Why Tycoon2FA Survived: The Limits of Infrastructure-Only Operations
CrowdStrike notes that parts of the original Tycoon2FA infrastructure were never taken offline and continued to operate throughout the law enforcement action. In parallel, the operators rapidly registered new domains and IP addresses, replacing much of what was seized. As a result, the removal of 330 domains amounted to a temporary and partial disruption rather than a decisive shutdown.
This case highlights a broader structural challenge in fighting phishing‑as‑a‑service platforms. Without arresting operators and physically seizing core servers, criminals can rebuild relatively quickly by automating domain registration, using distributed hosting providers, and relying on anonymous or cryptocurrency‑based payment channels. As long as demand for turnkey phishing services remains high, the economic incentives for PhaaS operators persist.

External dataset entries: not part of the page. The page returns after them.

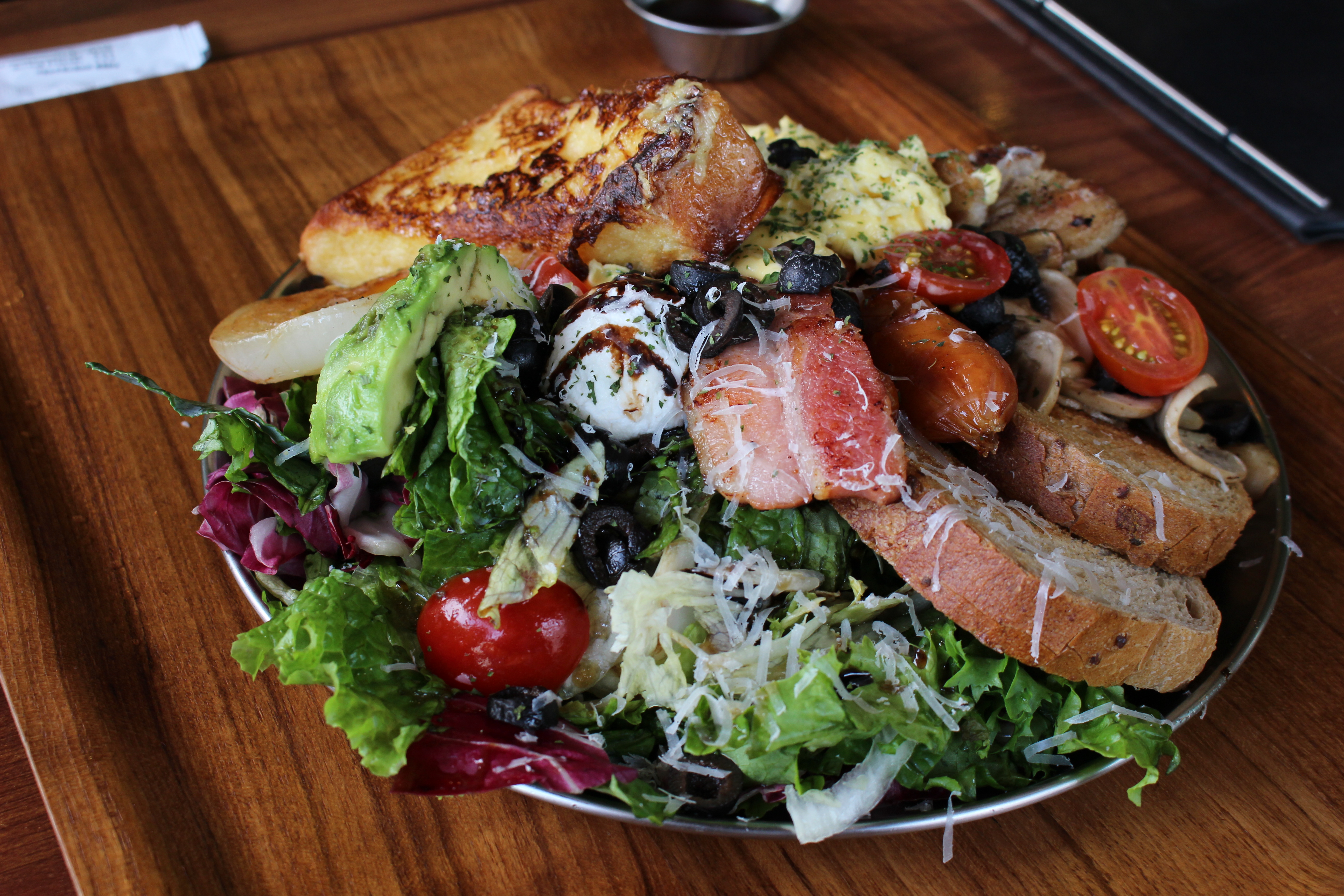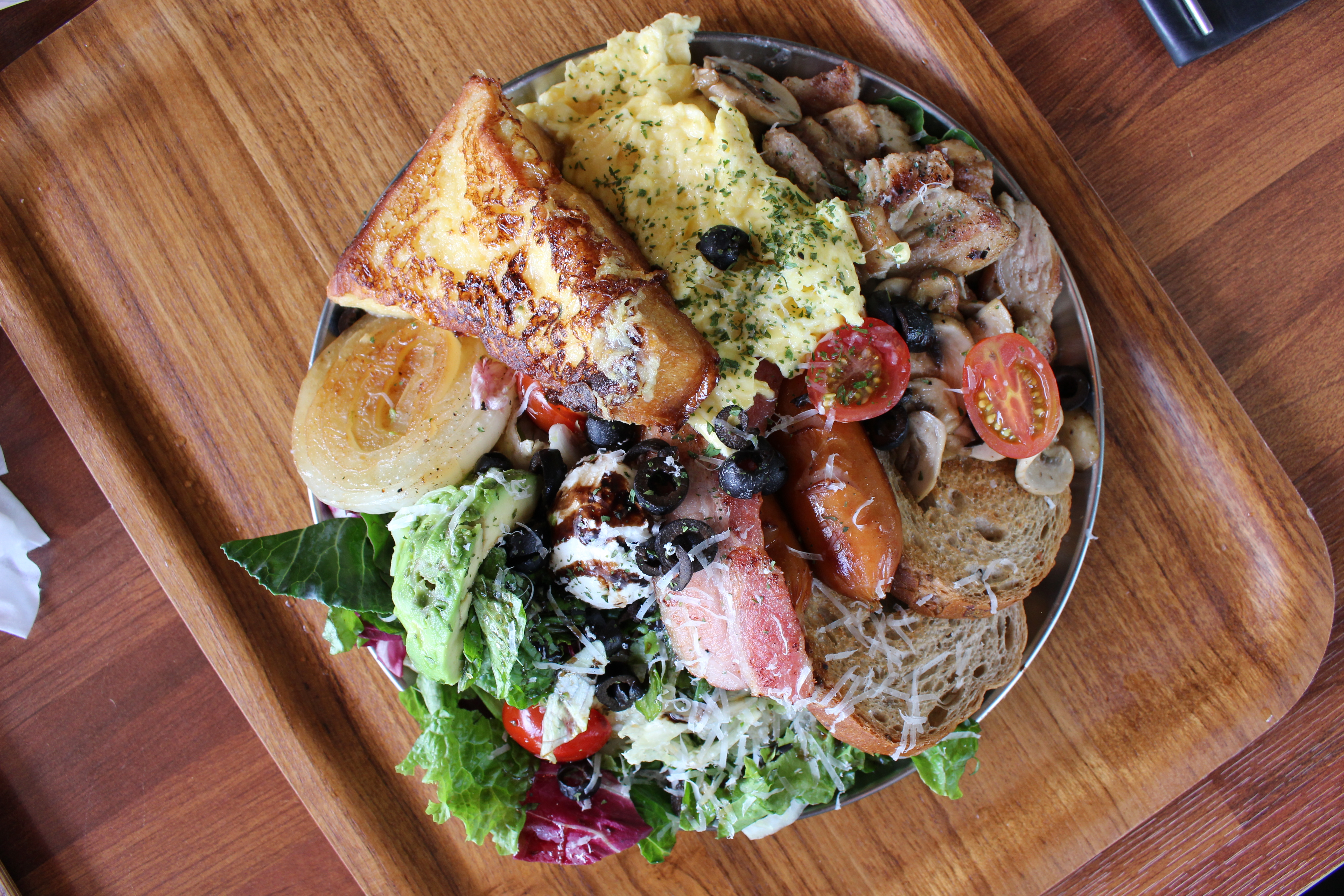 토스트, 스크럼블, 고기, 양파, 아보카도, 풀때기, 베이컨, 빵, 방울토마토, 해쉬브라운, 치즈, 버섯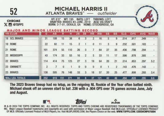 2024 Topps Chrome X-Fractor Parallel Michael Harris II Atlanta Braves #52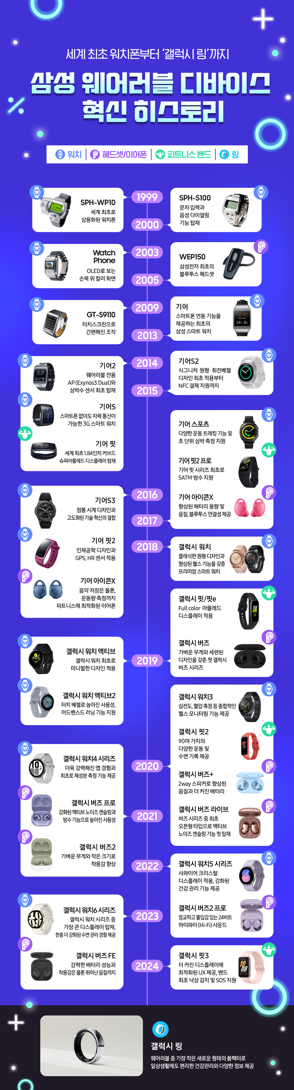 세계 최초 워치폰부터 ‘갤럭시 링’까지, 삼성전자 웨어러블 디바이스의 혁신적인 역사를 아래 인포그래픽으로 확인해 보자.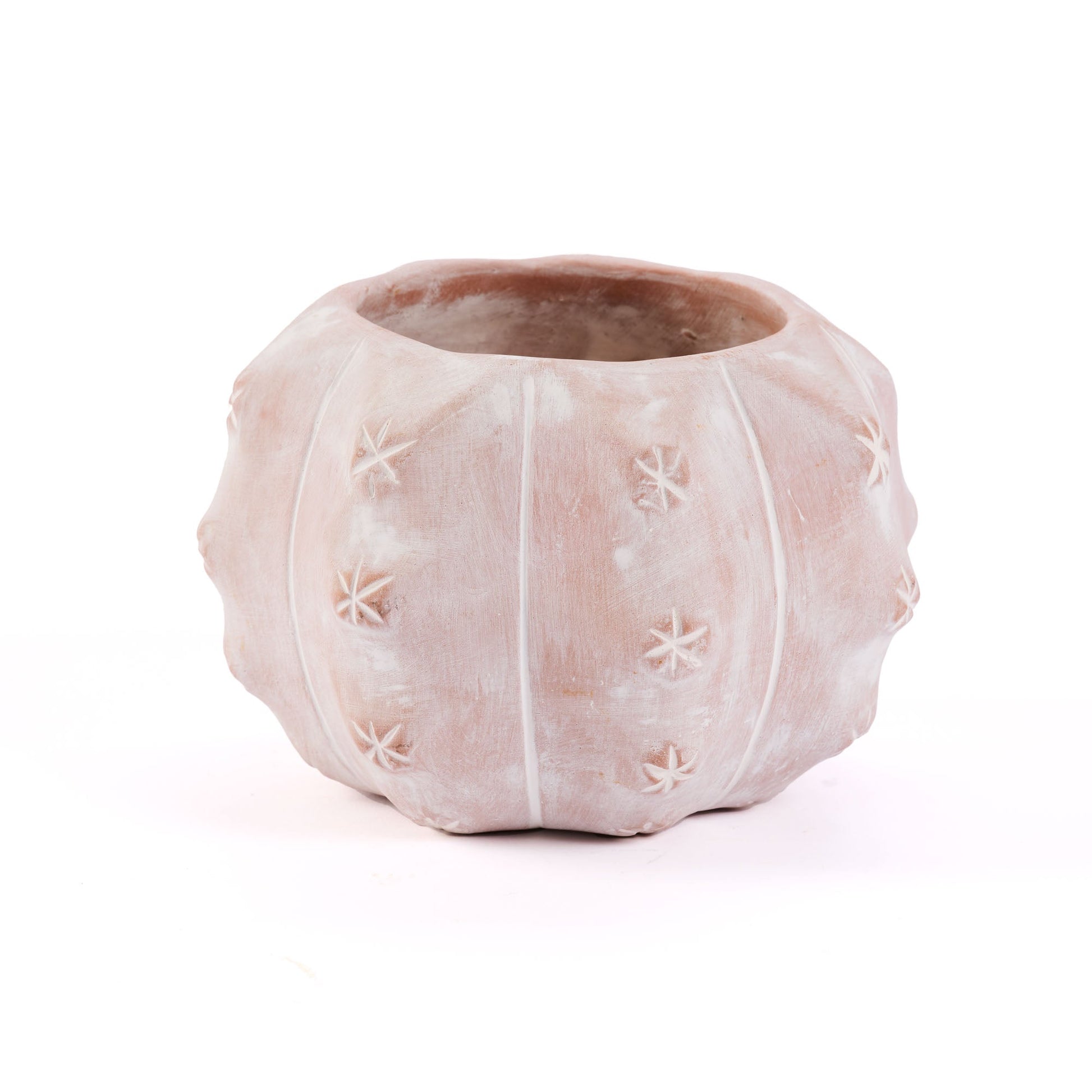 Un simpatico oggetto artigianale realizzato con finitura bianca sfumata, ornato da un motivo inciso o a rilievo che lo rende particolare e decorativo. Perfetto per contenere una pianta grassa, è anche un vero e proprio elemento di arredo che renderà unico il vostro angolo verde. Avvertenza: se irrigati in ambiente interno, aver cura di mettere un sottovaso per evitare l’eventuale trasudamento di umidità su mobili o pavimenti.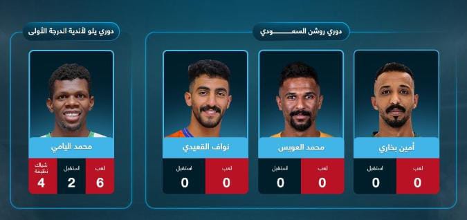 ولم يشارك الثلاثي حارس الهلال محمد العويس وحارسي النصر أمين بخاري ونواف العقيدي في أي مباراة مع أنديتهم هذا الموسم في دوري روشن السعودي للمحترفين.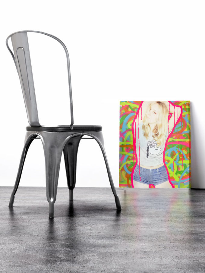Canvas24 x 30 inches. Multi-color spray paint, acrylic, collage, on Premium Cotton Canvas finished with a plexiglass-like resin coat. Signed by Graham Nichols. Edition of 1. Certificate Of Authenticity included.
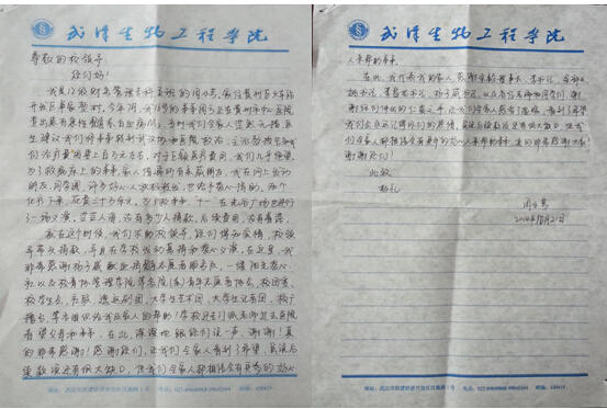 周小芳因其16岁弟弟今年7月被查出患有急性髓系白血病M2,在面对巨额医疗费茫然无措时,母校得知后,由杨子威献血捐髓志愿服务队、一缕阳光爱心接力社、管理学院青协、校学生会、社联等学生组织开展了爱心义演、募捐等活动,许多师生也都纷纷解囊相助。她深深感受到了校领导、老师、同学无比温暖的关爱,禁不住用感谢信的方式表达自己及家人的真挚谢意。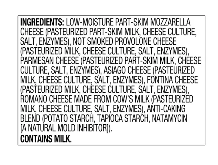 - Blend of low-moisture part-skim mozzarella, non-smoked provolone, parmesan, romano, fontina, and asiago cheeses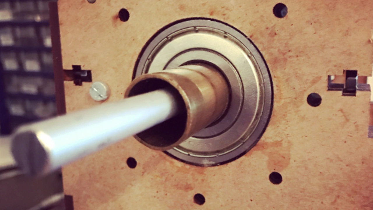 Obgleich der bereits hohen Steifigkeit der Zahnriemengetriebe, muss auch der gesamte mechanische Aufbau möglichst unnachgiebig sein, damit die Riementriebe wirklich spielfrei laufen. Deshalb wurde insbesondere bei der ersten Achse auf eine spielfreie Lagerung geachtet, da diese den grössten Einfluß auf die Genauigkeit nimmt: Ein Grad Spiel würde am 0,8 m entfernten Endeffektor +-14 mm Positionsungenauigkeit verursachen. Die Lagerung dieser ersten Achse wurde mit zwei verspannten Kegelrollenlagern umgesetzt. Mehr Erfahrung zur Wellenlagerung, Wellen-Naben-Verbindungen und mechanischer Konstruktion könnte das System aber nochmals signifikant verbessern.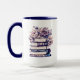 Jolie pile vintage de livres rose et bleu avec des roses sur le haut de l'art AI cafetières personnalisées.
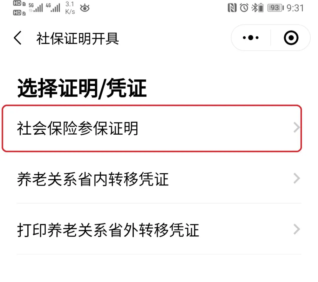 4、選擇“社會(huì)保險(xiǎn)參保證明”。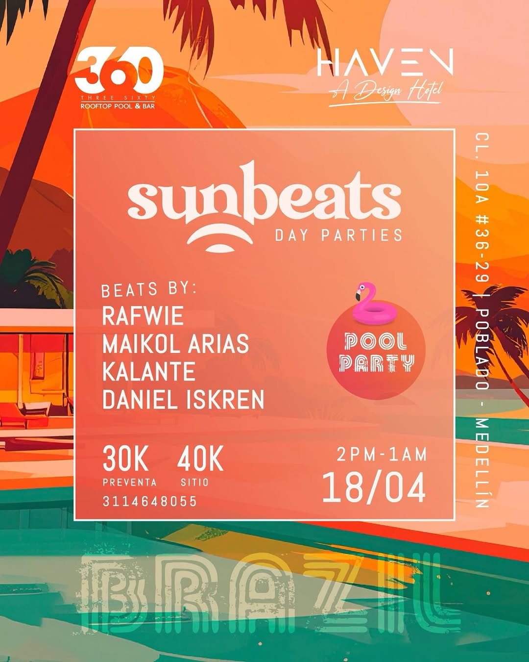 sunbeats DAY PARTIES llega a Medellín con una pool party de electrónica en 360 Rooftop Bar, ideal para disfrutar el atardecer en El Poblado. Con beats de RAFWIE, Maikol Arias, Kalante y Daniel Iskren, este evento promete una experiencia vibrante al aire libre, con ambiente brasileño y enfoque en la fiesta de día. Una opción perfecta para quienes buscan música electrónica, piscina y buena energía en la ciudad.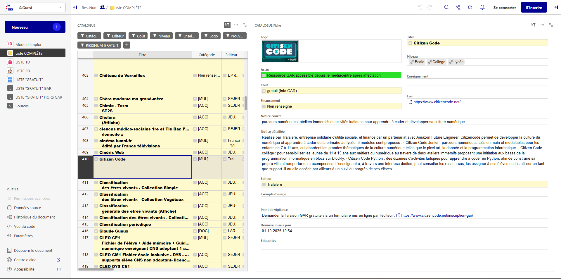 - À droite, la fiche détaillée de la ressource sélectionnée.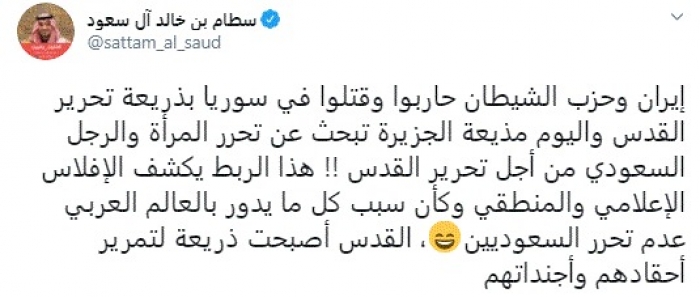 وقال في تغريدة عبر "تويتر" رصدها "المشهد العربي": "إيران وحزب الشيطان حاربوا وقتلوا في سوريا بذريعة تحرير القدس واليوم مذيعة الجزيرة تبحث عن تحرر المرأة والرجل السعودي من أجل تحرير القدس".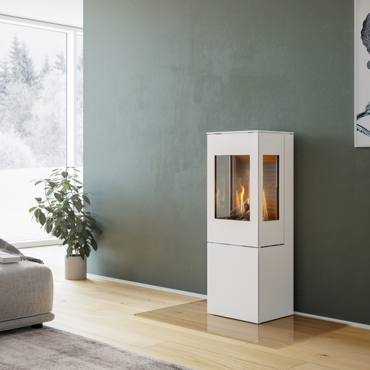Velg farge, sideglass, topplate og høyde – Nexo Gas kommer nemlig i fem forskjellige høyder fra 100 til 185 cm. Gasspeisen tilsluttes flaskegass, naturgass eller statsgass.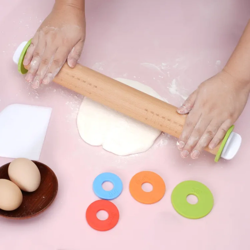 Rolling Pin with Thickness Rings is made of high quality beech wood structure, engraved in inch and centimeter dimensions, and different thickness ring devices can be attached/removed at both ends.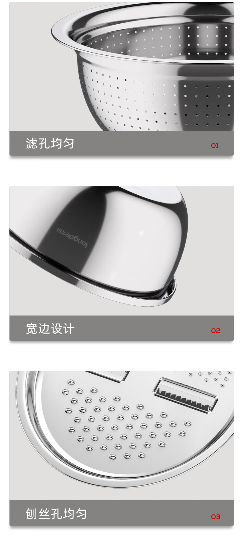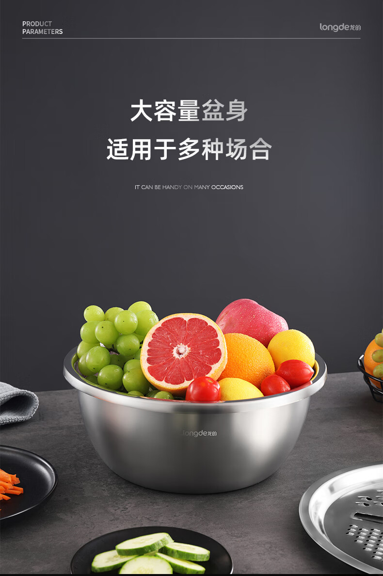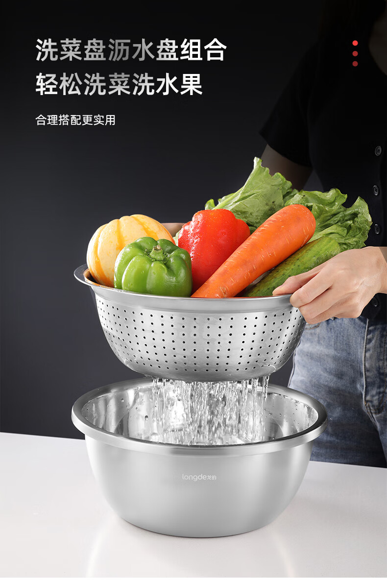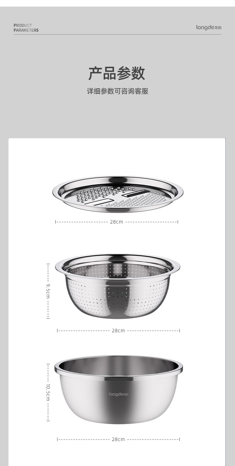 【小家电】龙的longde厨房三宝多功能切菜器切丝切片萝卜土豆丝器刨丝器洗菜盆沥水盘厨房三件套 LD-CJ891-3 HF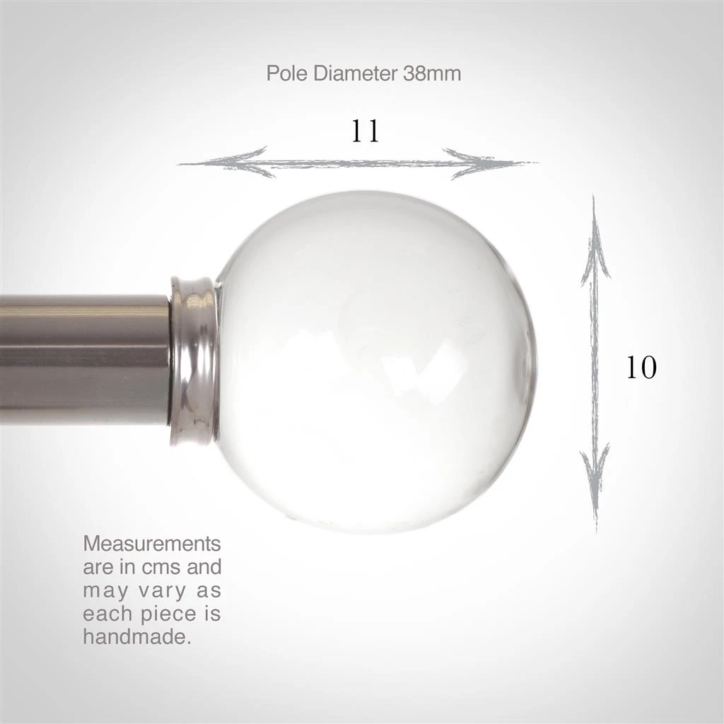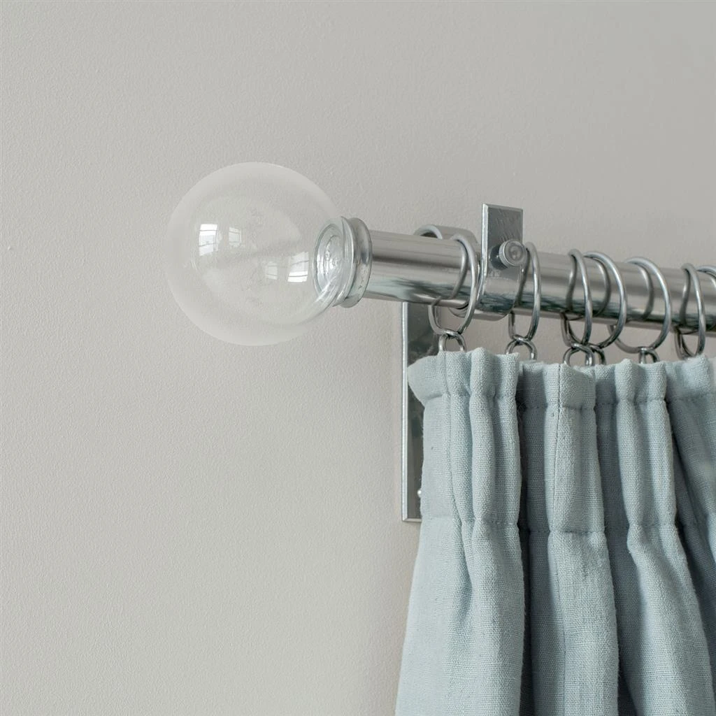 Browse our beautifully reflective clear glass ball finials – a perfect companion for our forged iron curtain poles. These hand blown glass balls have a classic appearance and weighty quality that will finish your window dressing perfectly and give you endless pleasure looking at them.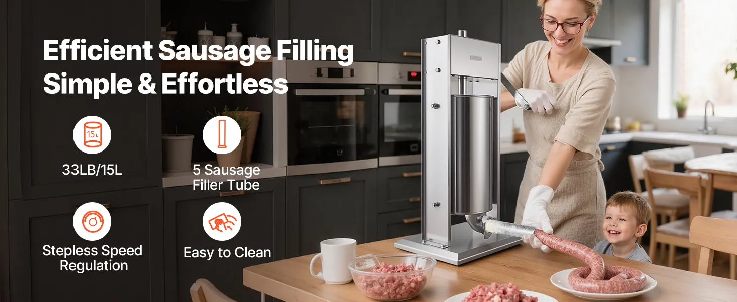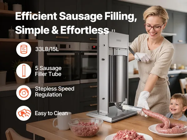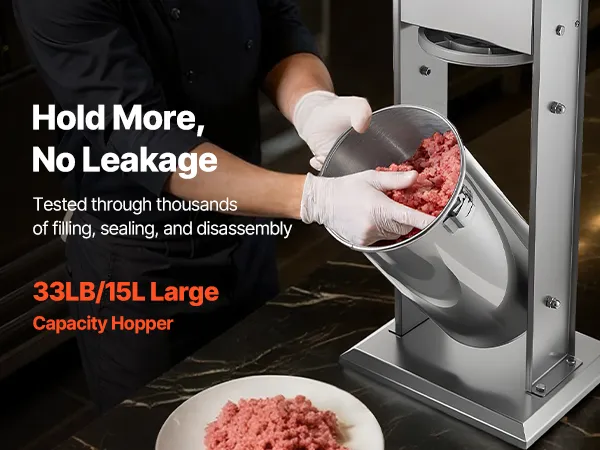 This manual sausage stuffer features an upgraded pressure plate with vent holes, producing firmer sausages with fewer air bubbles. With 2-speed control and an 33 lbs / 15 L large capacity, it's ideal for efficient home sausage making.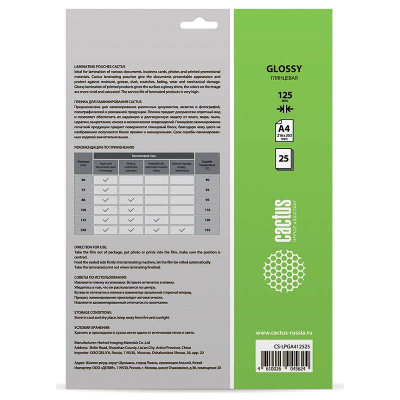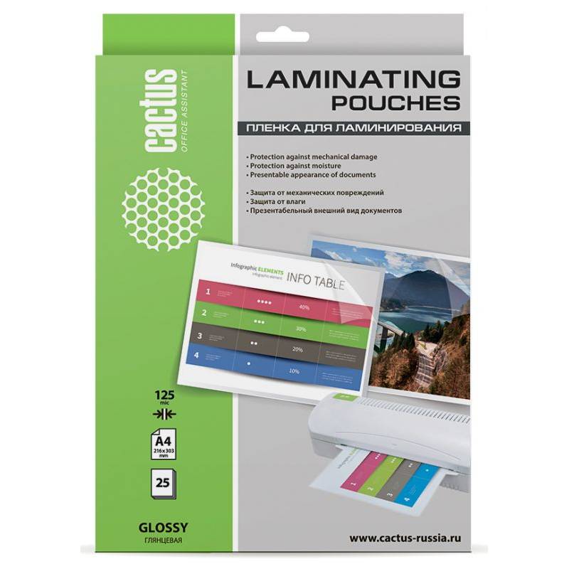 Пленка для ламинирования Cactus 125мкм A4 (25шт) глянцевая 216x303мм CS-LPGA412525

For organizations, Tycoon2FA is a reminder that even large‑scale law‑enforcement operations are not a substitute for robust internal defenses. Deploying phishing‑resistant authentication methods such as FIDO2 security keys, enforcing strict access policies for cloud services, monitoring for anomalous logins and session behavior, and continuously training employees to recognize and verify suspicious emails and links are critical. Reducing the success rate of AitM phishing and BEC attacks is the most effective way to erode the business model of platforms like Tycoon2FA and make large‑scale phishing‑as‑a‑service operations significantly less profitable.